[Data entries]

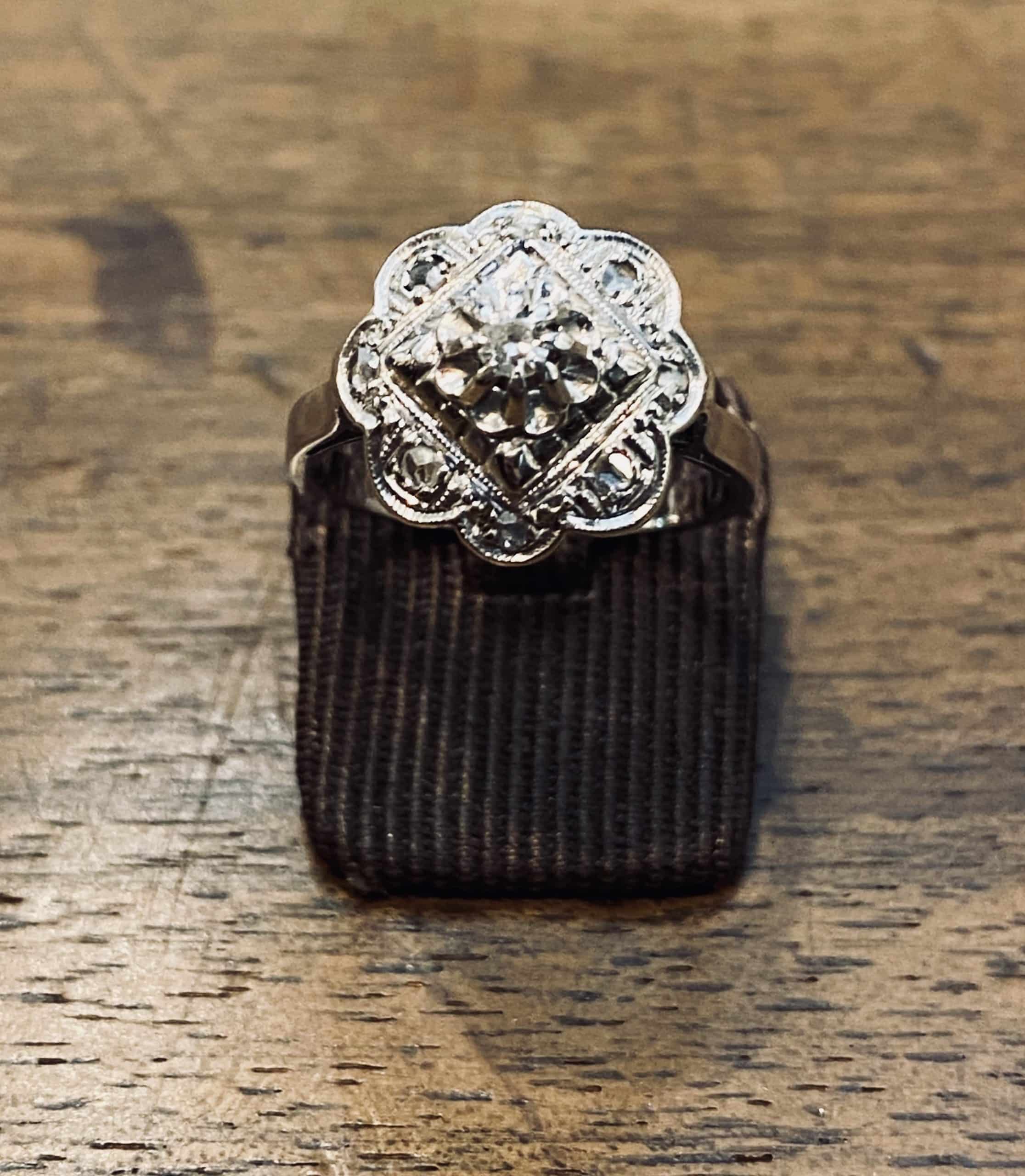 Trés jolie bague en or blanc 750 millièmes serti d'un diamants centrale accompagné de roses de diamants.
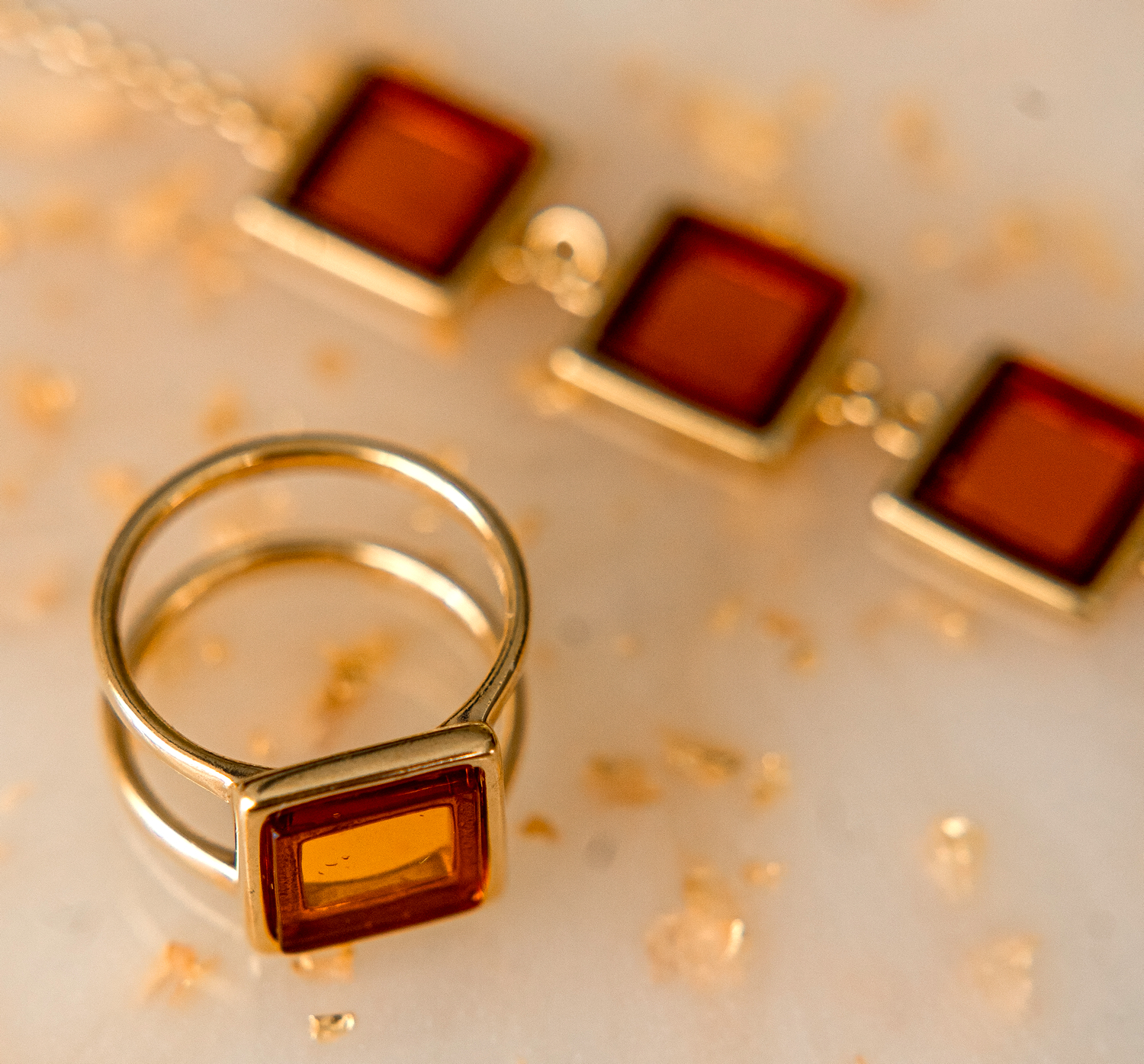 Кольцо из золоченого серебра 925 пробы, дополненное вставкой из натурального янтаря.
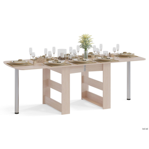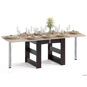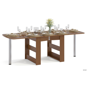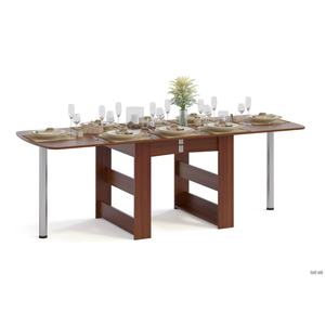 Стол-книжка для любителей устраивать пышные застолья. Уникальность стола заключается в том, что он имеет три варианта размера: \n \nСложенный стол – размер 74 х 31,4 х 83 см – может использоваться как пристенный столик; \nНа половину разлож...
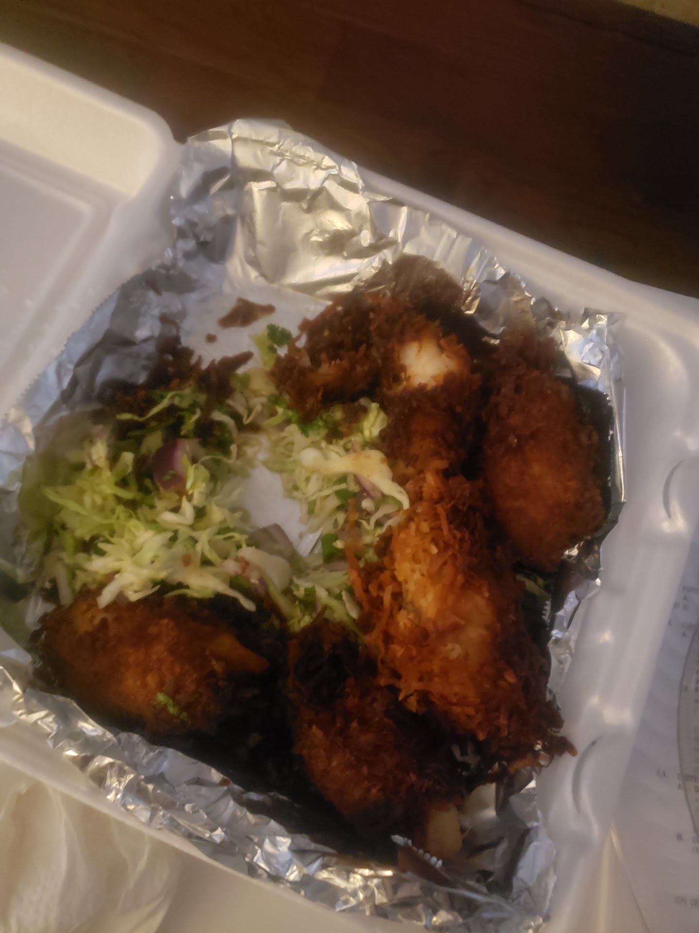 The Thai bbq chicken was the third course.... When the waitress placed the chicken on the table... I took a whiff; the aroma of the chicken fired neurons in my brain…. I had previously smelled this before.... Rotisserie chicken from Costco. Do you know that distinct smell of Costco chicken? Have you ever seen the chicken wing of the Costco rotisserie chicken? Soggy chicken skin… All the signs checked out from this “Thai BBQ Chicken”.
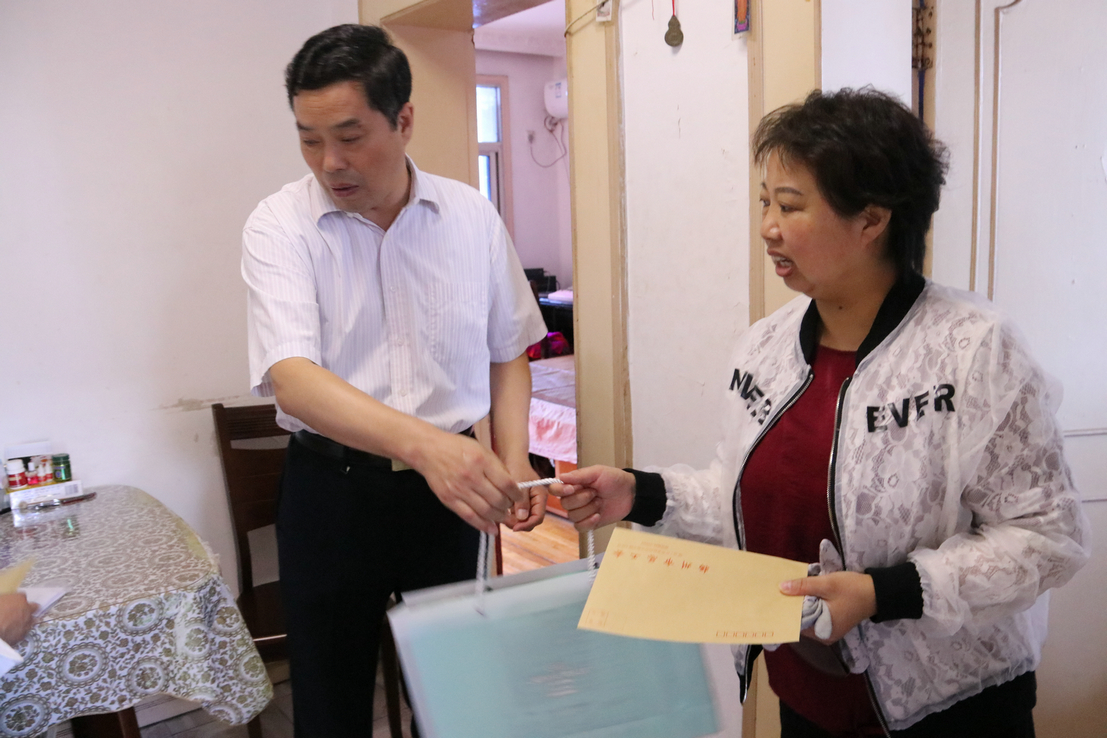 揚(yáng)建網(wǎng)訊 時(shí)值中秋佳節(jié),市總工會(huì)陳錫朝副主席、韓士軍副主席、樊秉強(qiáng)副調(diào)研員分別帶領(lǐng)建設(shè)產(chǎn)業(yè)主任范華、經(jīng)審委主任葉東富等一行,走訪慰問我集團(tuán)特困職工家庭,為他們送去了慰問金、中秋月餅和節(jié)日的祝福,讓困難職工們?cè)谥星锛压?jié)到來之際,深切感受到工會(huì)組織大家庭的溫暖和關(guān)愛。我集團(tuán)工會(huì)及基層單位相關(guān)人員陪同。
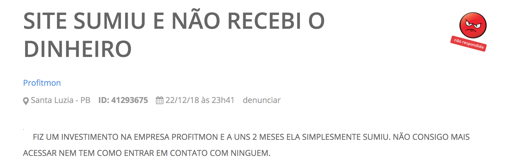 A empresa Profitmon é a suposta pirâmide financeira divulgada pela gerente, site da empresa saiu do ar e não pode mais ser encontrado na WEB, de acordo com denúncia de ex-cliente pelo site do Reclame aqui. Segundo investidores, a Profitmon prometia lucros garantidos de até 3% ao dia, o que é um rendimento extremamente agressivo e muito acima do mercado de uma forma geral.
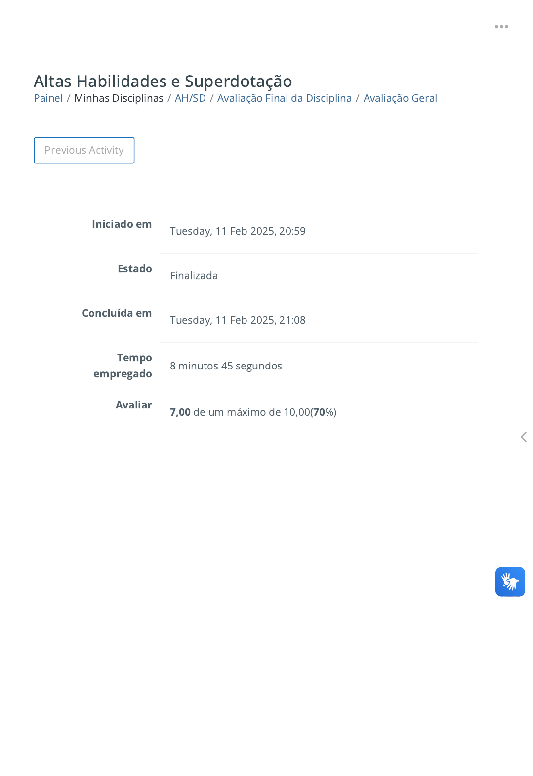 Painel / Minhas Disciplinas / AH/SD / Avaliação Final da Disciplina / Avaliação Geral Altas Habilidades e Superdotação Previous Activity Iniciado em Tuesday, 11 Feb 2025, 20:59 Estado Finalizada Concluída em Tuesday, 11 Feb 2025, 21:08 Tempo empregado 8 minutos 45 segundos Avaliar 7,00 de um máximo de 10,00(70%) https://lms.alunosnet.com/faconnect/my/ https://lms.alunosnet.com/faconnect/my/ https://lms.alunosnet.com/faconnect/course/view.php?id=2604 https://lms.alunosnet.com/faconnect/course/view.php?id=2604#section-6 https://lms.alunosnet.com/faconnect/mod/quiz/view.php?id=26387 https://lms.alunosnet.com/faconnect/mod/page/view.php?id=26395 https://lms.alunosnet.com/faconnect Questão 1 Correto Atingiu 1,00 de 1,00 O bullying que ocorre de maneira velada, como o isolamento social e a difamação, pode ser particularmente prejudicial para alunos com altas habilidades/superdotação, que muitas vezes já se sentem isolados devido às suas diferenças. A identificação precoce dessas formas de bullying é crucial para intervenções eficazes. Qual das seguintes ações é fundamental para identificar e intervir eficazmente em casos de bullying velado? Escolha uma opção: Sua resposta está correta. a. Incentivar os alunos a resolverem seus conflitos sem intervenção adulta. b. Esperar que os alunos relatem os incidentes antes de tomar qualquer medida. c. Focar apenas em casos de bullying físico, que são mais fáceis de identificar. d. Treinar professores e funcionários para reconhecer sinais sutis de exclusão e difamação. https://lms.alunosnet.com/faconnect Questão 2 Correto Atingiu 1,00 de 1,00 As características dos alunos com altas habilidades/superdotação vão além das habilidades cognitivas elevadas, abrangendo também aspectos emocionais e sociais que podem influenciar seu desenvolvimento e aprendizado. É importante compreender essas características para oferecer um atendimento educacional adequado a esses alunos. A seguinte característica é frequentemente observada em alunos com altas habilidades/superdotação: Escolha uma opção: Sua resposta está correta. a. comportamento passivo e falta de interesse em aprender. b. dificuldade em lidar com desafios acadêmicos e baixa criatividade. c. grande curiosidade intelectual, criatividade, autonomia, intensidade emocional e sensibilidade social. d. dificuldade extrema de aprendizagem e baixa autoestima. https://lms.alunosnet.com/faconnect Questão 3 Correto Atingiu 1,00 de 1,00 Crianças com fobia social podem se beneficiar significativamente de um ambiente escolar de suporte que reconheça e acomode suas necessidades. Estratégias específicas podem ajudar a minimizar a ansiedade em situações de avaliação e interação social. Qual das seguintes medidas pode ser adotada por escolas para apoiar crianças com fobia social? Escolha uma opção: Sua resposta está correta. a. Exigir que as crianças participem de apresentações em público para superar o medo. b. Estruturar atividades em grupo de forma a promover a inclusão e reduzir a pressão. c. Minimizar oportunidades de interação social para evitar constrangimentos. d. Ignorar as necessidades especiais e tratar todas as crianças de maneira uniforme. https://lms.alunosnet.com/faconnect Questão 4 Correto Atingiu 1,00 de 1,00 Analise as afirmativas abaixo de acordo com a Diretriz Específica para o Atendimento de Estudantes com Altas Habilidades ou Superdotação (BRASIL, 2022). 1. O termo “altas habilidades” enfatiza os aspectos que são moldados, modificados e enriquecidos pelo papel do ambiente (família, escola, cultura). 2. O termo “superdotação” faz referência aos aspectos inatos e genéticos da inteligência e da personalidade. 3. O termo “altas habilidades” faz referência aos aspectos inatos e genéticos da inteligência e da personalidade. 4. O termo “superdotação” enfatiza os aspectos que são moldados, modificados e enriquecidos pelo papel do ambiente (família, escola, cultura). Assinale a alternativa que indica todas as afirmativas corretas. Escolha uma opção: Sua resposta está correta. a. São corretas apenas as afirmativas 2 e 3. b. São corretas apenas as afirmativas 1 e 3. c. São corretas apenas as afirmativas 1 e 2. d. São corretas apenas as afirmativas 1 e 4. https://lms.alunosnet.com/faconnect Questão 5 Correto Atingiu 1,00 de 1,00 A fobia social, também conhecida como transtorno de ansiedade social, pode ser particularmente desafiadora durante a infância, impactando significativamente as interações sociais e o desempenho escolar. Crianças com fobia social frequentemente experimentam medo intenso e persistente de situações em que podem ser julgadas ou escrutinadas por outros, o que pode levar ao isolamento social e a dificuldades acadêmicas. Qual das seguintes abordagens terapêuticas é comumente recomendada para tratar a fobia social em crianças? Escolha uma opção: Sua resposta está correta. a. Encorajamento para suprimir sentimentos de ansiedade e continuar as atividades diárias sem ajustes. b. Uso exclusivo de medicação sem acompanhamento psicológico. c. Evitar qualquer forma de exposição social para reduzir a ansiedade. d. Técnicas de exposição gradual em ambientes controlados para reduzir a ansiedade. https://lms.alunosnet.com/faconnect Questão 6 Correto Atingiu 1,00 de 1,00 O desenvolvimento cognitivo em indivíduos com altas habilidades/superdotação (AH/SD) é profundamente influenciado por uma combinação de fatores ambientais, emocionais e educacionais. Este desenvolvimento não apenas realça habilidades cognitivas avançadas, mas também envolve desafios únicos, incluindo a necessidade de ajuste emocional adequado que pode afetar o sucesso profissional e pessoal desses indivíduos. Qual dos seguintes fatores é considerado crucial para facilitar o desenvolvimento cognitivo saudável em indivíduos com AH/SD? Escolha uma opção: Sua resposta está correta. a. Apoio em
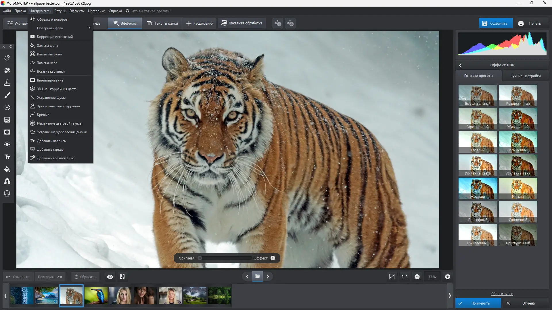 Интерфейс программы организован логично и не перегружен элементами управления. После загрузки изображения доступны все основные инструменты: обрезка, поворот, коррекция света и цвета, фильтры и ретушь. Для быстрого улучшения снимка можно использовать предустановленные пресеты, которые подбираются под тип фотографии — портрет, пейзаж, макросъёмка. Работа с выделением фрагментов осуществляется с помощью гибких масок, что позволяет применять эффекты точечно. Все действия отображаются в панели истории, где их можно отключать, перемещать или удалять в любом порядке.
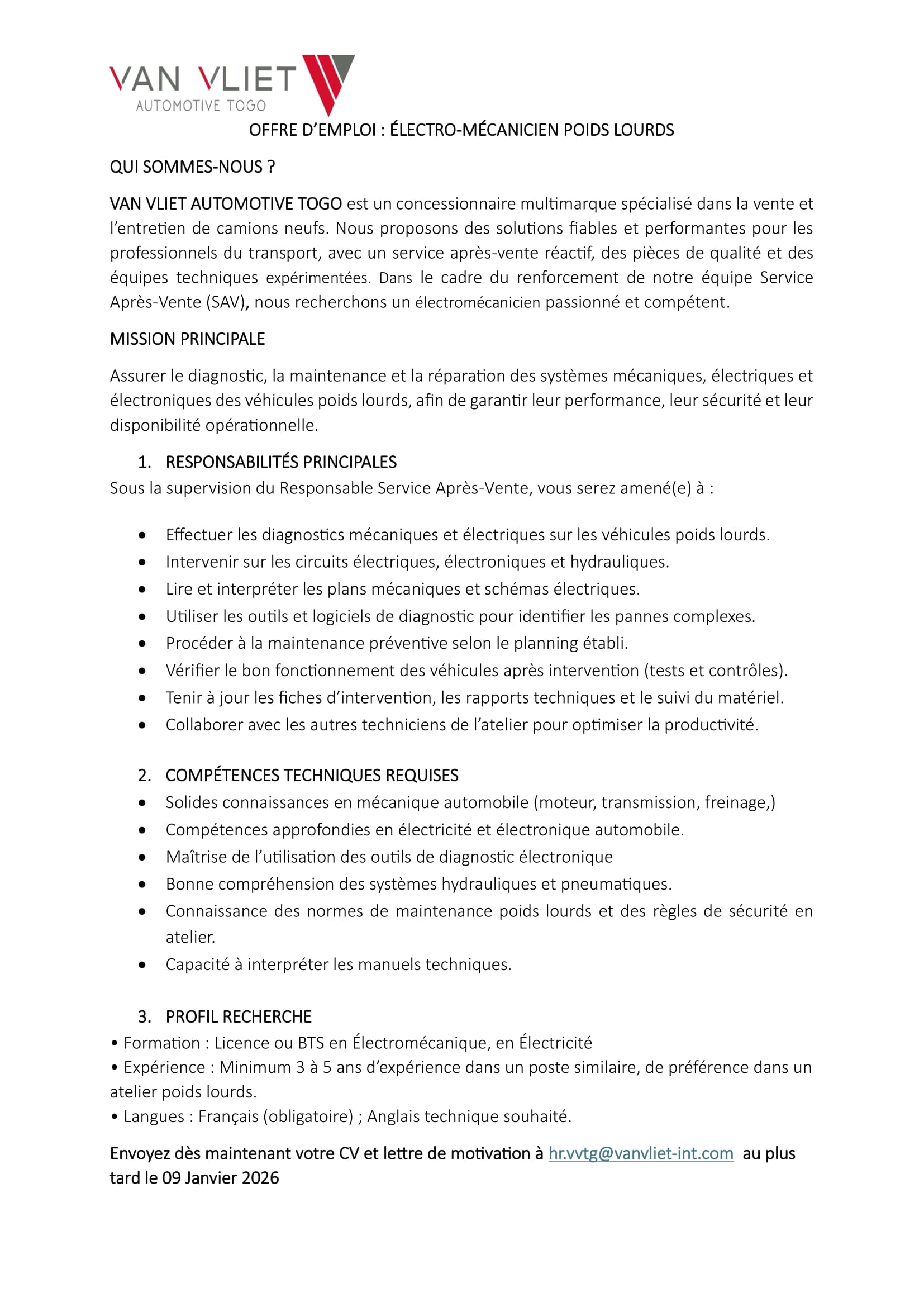 Accueil » Opportunités » Afrique » Togo » VAN VLIET recherche un Stagiaire électromécanicien, Togo

> Exercise prompt:
From the records above, transcribe only the stretch from the line with "揚(yáng)建網(wǎng" through the line with "A empresa Profitmon", keeping both ends. Omit pictures.

> Solution to the exercise:
 揚(yáng)建網(wǎng)訊 時(shí)值中秋佳節(jié),市總工會(huì)陳錫朝副主席、韓士軍副主席、樊秉強(qiáng)副調(diào)研員分別帶領(lǐng)建設(shè)產(chǎn)業(yè)主任范華、經(jīng)審委主任葉東富等一行,走訪慰問我集團(tuán)特困職工家庭,為他們送去了慰問金、中秋月餅和節(jié)日的祝福,讓困難職工們?cè)谥星锛压?jié)到來之際,深切感受到工會(huì)組織大家庭的溫暖和關(guān)愛。我集團(tuán)工會(huì)及基層單位相關(guān)人員陪同。
 A empresa Profitmon é a suposta pirâmide financeira divulgada pela gerente, site da empresa saiu do ar e não pode mais ser encontrado na WEB, de acordo com denúncia de ex-cliente pelo site do Reclame aqui. Segundo investidores, a Profitmon prometia lucros garantidos de até 3% ao dia, o que é um rendimento extremamente agressivo e muito acima do mercado de uma forma geral.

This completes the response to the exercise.